One of the most amazing things about Python's scikit-learn library is that is has a 4-step modeling pattern that makes it easy to code a machine learning classifier. While this tutorial uses a classifier called Logistic Regression, the coding process in this tutorial applies to other classifiers in sklearn (Decision Tree, K-Nearest Neighbors etc). In this tutorial, we use Logistic Regression to predict digit labels based on images. The image above shows a bunch of training digits (observations) from the MNIST dataset whose category membership is known (labels 0–9). After training a model with logistic regression, it can be used to predict an image label (labels 0–9) given an image.

Logistic Regression

The first part of this tutorial post goes over a toy dataset (digits dataset) to show quickly illustrate scikit-learn's 4 step modeling pattern and show the behavior of the logistic regression algorthm. The second part of the tutorial goes over a more realistic dataset (MNIST dataset) to briefly show how changing a model's default parameters can effect performance (both in timing and accuracy of the model).
With that, lets get started. If you get lost, I recommend opening the video above in a separate tab. The code used in this tutorial is available in the table below.

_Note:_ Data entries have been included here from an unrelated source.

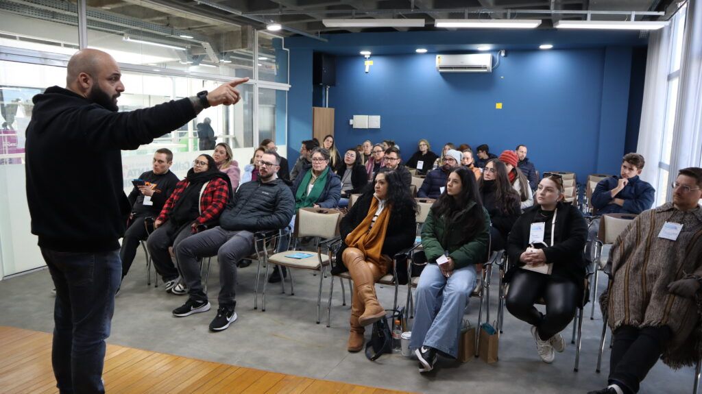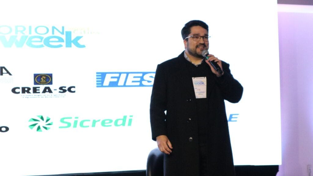 A palestra de abertura com o especialista Elkin Echeverri trouxe o tema “ Hackear sua Cidade: Inovação e redes, a maneira mais poderosa de mudar sua qualidade de vida” startou a semana em celebração ao aniversário do Orion que na verdade, iniciou na manhã gelada da terça-feira. Com uma programação intensa, a manhã iniciou com a Reunião de GTs do Ecossistema Local de Inovação (ELI) e seguiu com uma capacitação sobre fundamentos do Ecossistema de Inovação com Gabriel de Borba Neto.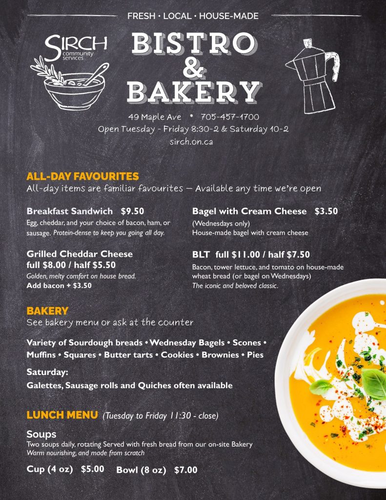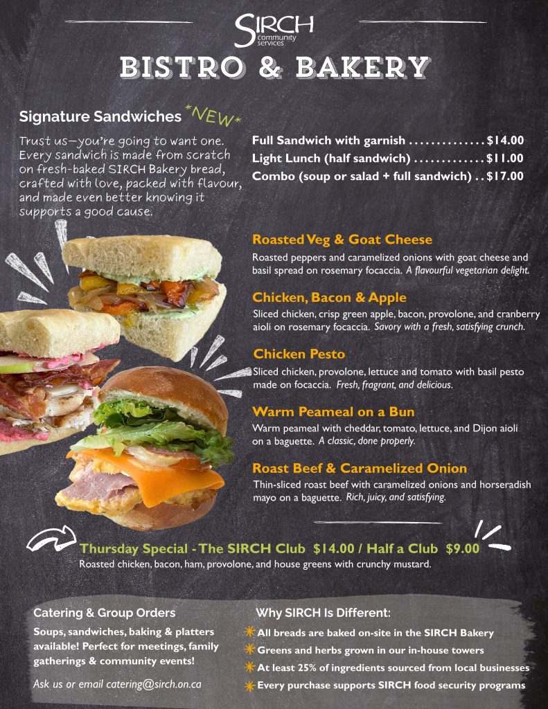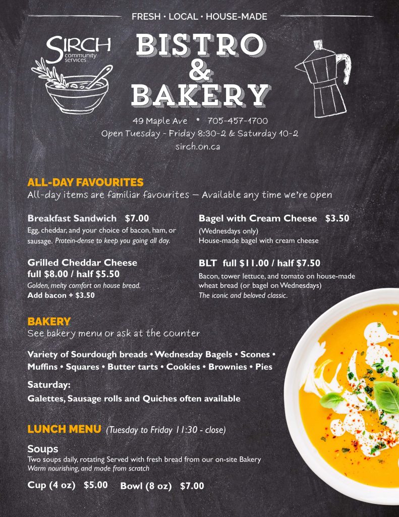 At the SIRCH Bistro & Bakery, we make the kind of food you crave — fresh bread baked on-site, hearty soups, and sandwiches crafted with local ingredients and care. It’s comforting, familiar, and made to nourish.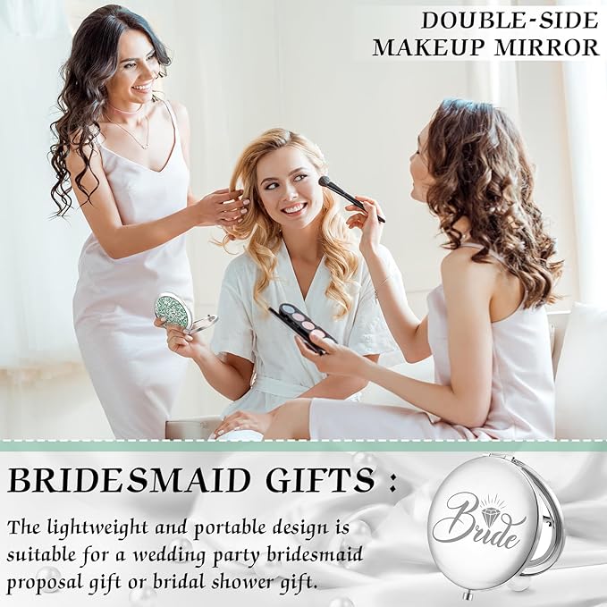 - Exquisite Styles: showcasing an exquisite style, the front of each compact mirror is inlaid with small, shining rhinestones, creating an elegant shine; Moreover, the back is engraved with [Bride] and [I Do Crew] words, adding attractiveness and charm to these beautiful accessories
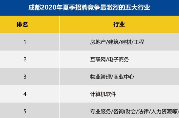 夏季在线数据显示,成都地区竞争指数排名全国38个城市的第十位,竞争指数绝对值环比下降15.2,排名下降八位,竞争指数同比上升3.2。当地排名前五位的行业中,房地产/建筑/建材/工程行业的竞争指数虽然环比、同比出现下降,但是排名依然最高,其次是互联网/电子商务行业,物业管理/商业中心行业排在第三,计算机软件和专业服务/咨询(财会/法律/人力资源等)行业的竞争指数位列第四和第五。竞争指数排名后四位的行业虽然竞争指数环比出现下降,但是同比依然有不同幅度的上升,除了房地产行业和互联网/电子商务行业继续保持在前五的行列中,其他三名都被新的行业取代。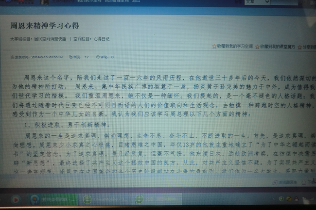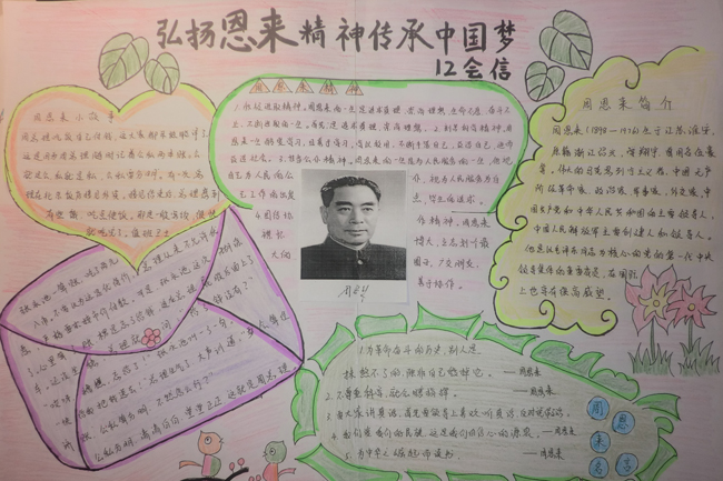 在创建周恩来班活动中,会计系团总支充分利用班级、宿舍、大学城空间,以手抄报和空间日志等形式,将恩来精神“输入”板报,“输进”学生的内心,使恩来精神深入人心。与此同时,各班级还利用网络通道,充分利用新媒体,让同学们以“空间日志”作为载体,用平铺直叙的文字讲述着自己或身边的恩来故事;用温馨阳光的词语激励着自己与伙伴前行。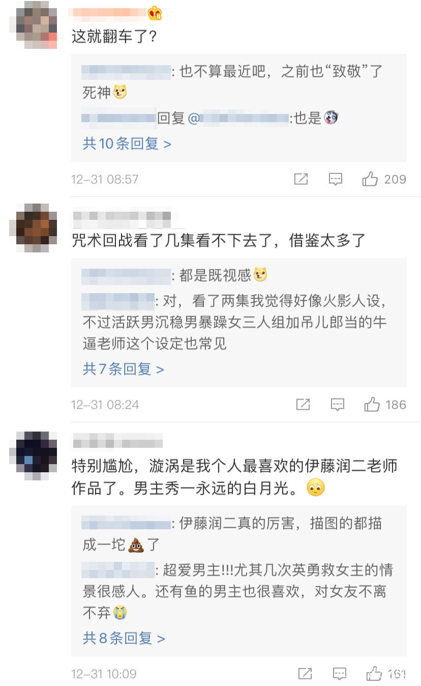 此外,近期特別熱門的《咒術回戰》,也被部分網友認為有太多《死神》《全職獵人》《火影忍者》《JOJO的奇妙冒險》等其他人氣動漫作品的強烈即視感。其中在《咒術回戰》漫畫最新更新的134話中,反派夏油傑使用的招式“漩渦”,更是被人發現與伊藤潤二的《漩渦》名場面如出一轍,在網絡上引發了激烈的爭論。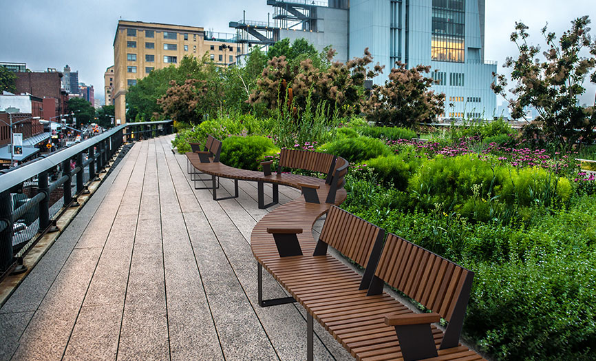 Face parte din colecția de mobilier stradal Malaga: șezlong, coș de gunoi, jardinieră și masă de picnic.

Getting Started (Prerequisites)

If you already have anaconda installed, skip to the next section. I recommend having anaconda installed (either Python 2 or 3 works well for this tutorial) so you won't have any issue importing libraries.

You can either download anaconda from the official site and install on your own or you can follow these anaconda installation tutorials below to set up anaconda on your operating system.

Logistic Regression on Digits Dataset

Loading the Data (Digits Dataset)

The digits dataset is one of datasets scikit-learn comes with that do not require the downloading of any file from some external website. The code below will load the digits dataset.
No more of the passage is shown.